Would you restate all the entries exactly, leaving nothing out?

*** Begin section ***

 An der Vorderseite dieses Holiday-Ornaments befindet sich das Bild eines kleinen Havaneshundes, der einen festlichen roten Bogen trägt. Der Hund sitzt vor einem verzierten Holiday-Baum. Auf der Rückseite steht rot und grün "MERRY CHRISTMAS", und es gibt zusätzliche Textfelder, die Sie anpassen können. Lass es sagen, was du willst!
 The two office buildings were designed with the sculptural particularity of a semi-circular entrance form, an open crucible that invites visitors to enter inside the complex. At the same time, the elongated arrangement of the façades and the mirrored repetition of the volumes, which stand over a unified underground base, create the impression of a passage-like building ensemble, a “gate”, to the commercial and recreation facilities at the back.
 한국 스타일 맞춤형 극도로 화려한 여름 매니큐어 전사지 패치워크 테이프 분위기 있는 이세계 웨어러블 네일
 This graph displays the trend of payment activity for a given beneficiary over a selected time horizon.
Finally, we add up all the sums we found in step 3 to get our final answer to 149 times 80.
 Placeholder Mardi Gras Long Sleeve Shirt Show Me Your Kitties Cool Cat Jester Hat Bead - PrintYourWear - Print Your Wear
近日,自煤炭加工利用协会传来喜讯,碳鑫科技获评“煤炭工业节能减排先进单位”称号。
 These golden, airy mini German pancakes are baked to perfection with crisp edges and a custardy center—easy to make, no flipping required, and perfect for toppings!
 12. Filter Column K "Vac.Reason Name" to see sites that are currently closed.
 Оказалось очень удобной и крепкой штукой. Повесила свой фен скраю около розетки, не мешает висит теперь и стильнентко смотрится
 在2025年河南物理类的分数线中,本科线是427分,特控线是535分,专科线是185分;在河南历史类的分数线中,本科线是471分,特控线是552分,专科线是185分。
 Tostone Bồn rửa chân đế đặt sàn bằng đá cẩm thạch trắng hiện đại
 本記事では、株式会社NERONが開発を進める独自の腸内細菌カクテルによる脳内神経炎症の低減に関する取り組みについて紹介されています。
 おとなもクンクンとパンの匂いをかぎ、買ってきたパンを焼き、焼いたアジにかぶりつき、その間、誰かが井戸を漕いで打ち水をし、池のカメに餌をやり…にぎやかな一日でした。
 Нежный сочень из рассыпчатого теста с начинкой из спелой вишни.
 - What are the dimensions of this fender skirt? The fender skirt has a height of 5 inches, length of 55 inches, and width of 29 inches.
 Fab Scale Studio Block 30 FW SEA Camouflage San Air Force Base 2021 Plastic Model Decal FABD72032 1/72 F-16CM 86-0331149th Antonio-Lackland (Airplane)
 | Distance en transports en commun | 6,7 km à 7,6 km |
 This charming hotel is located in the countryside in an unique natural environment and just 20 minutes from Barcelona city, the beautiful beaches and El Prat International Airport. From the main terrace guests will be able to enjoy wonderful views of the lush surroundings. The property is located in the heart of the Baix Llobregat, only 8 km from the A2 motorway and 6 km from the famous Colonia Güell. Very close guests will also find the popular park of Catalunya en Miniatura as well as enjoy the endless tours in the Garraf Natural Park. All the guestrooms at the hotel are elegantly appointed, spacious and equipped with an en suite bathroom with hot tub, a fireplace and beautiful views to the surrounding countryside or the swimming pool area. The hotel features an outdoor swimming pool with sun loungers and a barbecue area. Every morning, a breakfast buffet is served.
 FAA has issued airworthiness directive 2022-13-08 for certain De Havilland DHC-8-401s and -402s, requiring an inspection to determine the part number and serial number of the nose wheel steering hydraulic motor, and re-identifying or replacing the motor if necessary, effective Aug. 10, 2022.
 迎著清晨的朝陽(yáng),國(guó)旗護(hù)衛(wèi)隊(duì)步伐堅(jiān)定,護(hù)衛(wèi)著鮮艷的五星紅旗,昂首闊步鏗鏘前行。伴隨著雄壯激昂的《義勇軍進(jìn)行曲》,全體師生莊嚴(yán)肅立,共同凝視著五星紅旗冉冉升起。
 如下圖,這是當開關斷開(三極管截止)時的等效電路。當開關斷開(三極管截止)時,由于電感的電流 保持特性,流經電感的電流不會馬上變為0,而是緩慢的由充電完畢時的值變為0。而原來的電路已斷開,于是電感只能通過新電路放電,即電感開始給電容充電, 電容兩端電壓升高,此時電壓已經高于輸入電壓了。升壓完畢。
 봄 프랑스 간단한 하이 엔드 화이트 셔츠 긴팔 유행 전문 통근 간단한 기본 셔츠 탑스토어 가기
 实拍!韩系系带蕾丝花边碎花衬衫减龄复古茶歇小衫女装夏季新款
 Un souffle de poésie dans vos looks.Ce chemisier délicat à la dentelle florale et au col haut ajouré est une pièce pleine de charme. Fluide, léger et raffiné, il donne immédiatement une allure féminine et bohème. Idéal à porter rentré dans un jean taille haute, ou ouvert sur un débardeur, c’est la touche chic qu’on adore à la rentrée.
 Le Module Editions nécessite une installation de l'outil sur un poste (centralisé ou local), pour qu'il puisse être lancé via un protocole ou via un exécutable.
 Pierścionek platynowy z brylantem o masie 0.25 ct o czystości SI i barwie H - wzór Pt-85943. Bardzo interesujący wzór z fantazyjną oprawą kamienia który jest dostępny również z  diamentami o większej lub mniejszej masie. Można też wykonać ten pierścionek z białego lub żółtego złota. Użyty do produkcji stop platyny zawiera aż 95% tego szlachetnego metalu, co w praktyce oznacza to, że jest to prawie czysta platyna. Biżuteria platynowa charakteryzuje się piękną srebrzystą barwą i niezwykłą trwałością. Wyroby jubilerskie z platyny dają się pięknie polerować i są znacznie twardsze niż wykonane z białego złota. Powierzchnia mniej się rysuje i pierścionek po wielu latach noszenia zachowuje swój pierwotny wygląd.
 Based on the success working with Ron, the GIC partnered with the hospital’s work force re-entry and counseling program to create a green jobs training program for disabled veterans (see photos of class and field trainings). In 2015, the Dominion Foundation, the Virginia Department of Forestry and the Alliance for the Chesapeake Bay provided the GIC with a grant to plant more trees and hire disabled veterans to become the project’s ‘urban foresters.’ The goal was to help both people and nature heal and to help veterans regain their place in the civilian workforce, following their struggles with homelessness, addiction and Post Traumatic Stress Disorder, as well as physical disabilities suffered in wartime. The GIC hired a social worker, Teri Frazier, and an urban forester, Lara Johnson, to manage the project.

*** End section ***

• **Answer to this exercise**:
 An der Vorderseite dieses Holiday-Ornaments befindet sich das Bild eines kleinen Havaneshundes, der einen festlichen roten Bogen trägt. Der Hund sitzt vor einem verzierten Holiday-Baum. Auf der Rückseite steht rot und grün "MERRY CHRISTMAS", und es gibt zusätzliche Textfelder, die Sie anpassen können. Lass es sagen, was du willst!
 The two office buildings were designed with the sculptural particularity of a semi-circular entrance form, an open crucible that invites visitors to enter inside the complex. At the same time, the elongated arrangement of the façades and the mirrored repetition of the volumes, which stand over a unified underground base, create the impression of a passage-like building ensemble, a “gate”, to the commercial and recreation facilities at the back.
 한국 스타일 맞춤형 극도로 화려한 여름 매니큐어 전사지 패치워크 테이프 분위기 있는 이세계 웨어러블 네일
 This graph displays the trend of payment activity for a given beneficiary over a selected time horizon.
Finally, we add up all the sums we found in step 3 to get our final answer to 149 times 80.
 Placeholder Mardi Gras Long Sleeve Shirt Show Me Your Kitties Cool Cat Jester Hat Bead - PrintYourWear - Print Your Wear
近日,自煤炭加工利用协会传来喜讯,碳鑫科技获评“煤炭工业节能减排先进单位”称号。
 These golden, airy mini German pancakes are baked to perfection with crisp edges and a custardy center—easy to make, no flipping required, and perfect for toppings!
 12. Filter Column K "Vac.Reason Name" to see sites that are currently closed.
 Оказалось очень удобной и крепкой штукой. Повесила свой фен скраю около розетки, не мешает висит теперь и стильнентко смотрится
 在2025年河南物理类的分数线中,本科线是427分,特控线是535分,专科线是185分;在河南历史类的分数线中,本科线是471分,特控线是552分,专科线是185分。
 Tostone Bồn rửa chân đế đặt sàn bằng đá cẩm thạch trắng hiện đại
 本記事では、株式会社NERONが開発を進める独自の腸内細菌カクテルによる脳内神経炎症の低減に関する取り組みについて紹介されています。
 おとなもクンクンとパンの匂いをかぎ、買ってきたパンを焼き、焼いたアジにかぶりつき、その間、誰かが井戸を漕いで打ち水をし、池のカメに餌をやり…にぎやかな一日でした。
 Нежный сочень из рассыпчатого теста с начинкой из спелой вишни.
 - What are the dimensions of this fender skirt? The fender skirt has a height of 5 inches, length of 55 inches, and width of 29 inches.
 Fab Scale Studio Block 30 FW SEA Camouflage San Air Force Base 2021 Plastic Model Decal FABD72032 1/72 F-16CM 86-0331149th Antonio-Lackland (Airplane)
 | Distance en transports en commun | 6,7 km à 7,6 km |
 This charming hotel is located in the countryside in an unique natural environment and just 20 minutes from Barcelona city, the beautiful beaches and El Prat International Airport. From the main terrace guests will be able to enjoy wonderful views of the lush surroundings. The property is located in the heart of the Baix Llobregat, only 8 km from the A2 motorway and 6 km from the famous Colonia Güell. Very close guests will also find the popular park of Catalunya en Miniatura as well as enjoy the endless tours in the Garraf Natural Park. All the guestrooms at the hotel are elegantly appointed, spacious and equipped with an en suite bathroom with hot tub, a fireplace and beautiful views to the surrounding countryside or the swimming pool area. The hotel features an outdoor swimming pool with sun loungers and a barbecue area. Every morning, a breakfast buffet is served.
 FAA has issued airworthiness directive 2022-13-08 for certain De Havilland DHC-8-401s and -402s, requiring an inspection to determine the part number and serial number of the nose wheel steering hydraulic motor, and re-identifying or replacing the motor if necessary, effective Aug. 10, 2022.
 迎著清晨的朝陽(yáng),國(guó)旗護(hù)衛(wèi)隊(duì)步伐堅(jiān)定,護(hù)衛(wèi)著鮮艷的五星紅旗,昂首闊步鏗鏘前行。伴隨著雄壯激昂的《義勇軍進(jìn)行曲》,全體師生莊嚴(yán)肅立,共同凝視著五星紅旗冉冉升起。
 如下圖,這是當開關斷開(三極管截止)時的等效電路。當開關斷開(三極管截止)時,由于電感的電流 保持特性,流經電感的電流不會馬上變為0,而是緩慢的由充電完畢時的值變為0。而原來的電路已斷開,于是電感只能通過新電路放電,即電感開始給電容充電, 電容兩端電壓升高,此時電壓已經高于輸入電壓了。升壓完畢。
 봄 프랑스 간단한 하이 엔드 화이트 셔츠 긴팔 유행 전문 통근 간단한 기본 셔츠 탑스토어 가기
 实拍!韩系系带蕾丝花边碎花衬衫减龄复古茶歇小衫女装夏季新款
 Un souffle de poésie dans vos looks.Ce chemisier délicat à la dentelle florale et au col haut ajouré est une pièce pleine de charme. Fluide, léger et raffiné, il donne immédiatement une allure féminine et bohème. Idéal à porter rentré dans un jean taille haute, ou ouvert sur un débardeur, c’est la touche chic qu’on adore à la rentrée.
 Le Module Editions nécessite une installation de l'outil sur un poste (centralisé ou local), pour qu'il puisse être lancé via un protocole ou via un exécutable.
 Pierścionek platynowy z brylantem o masie 0.25 ct o czystości SI i barwie H - wzór Pt-85943. Bardzo interesujący wzór z fantazyjną oprawą kamienia który jest dostępny również z  diamentami o większej lub mniejszej masie. Można też wykonać ten pierścionek z białego lub żółtego złota. Użyty do produkcji stop platyny zawiera aż 95% tego szlachetnego metalu, co w praktyce oznacza to, że jest to prawie czysta platyna. Biżuteria platynowa charakteryzuje się piękną srebrzystą barwą i niezwykłą trwałością. Wyroby jubilerskie z platyny dają się pięknie polerować i są znacznie twardsze niż wykonane z białego złota. Powierzchnia mniej się rysuje i pierścionek po wielu latach noszenia zachowuje swój pierwotny wygląd.
 Based on the success working with Ron, the GIC partnered with the hospital’s work force re-entry and counseling program to create a green jobs training program for disabled veterans (see photos of class and field trainings). In 2015, the Dominion Foundation, the Virginia Department of Forestry and the Alliance for the Chesapeake Bay provided the GIC with a grant to plant more trees and hire disabled veterans to become the project’s ‘urban foresters.’ The goal was to help both people and nature heal and to help veterans regain their place in the civilian workforce, following their struggles with homelessness, addiction and Post Traumatic Stress Disorder, as well as physical disabilities suffered in wartime. The GIC hired a social worker, Teri Frazier, and an urban forester, Lara Johnson, to manage the project.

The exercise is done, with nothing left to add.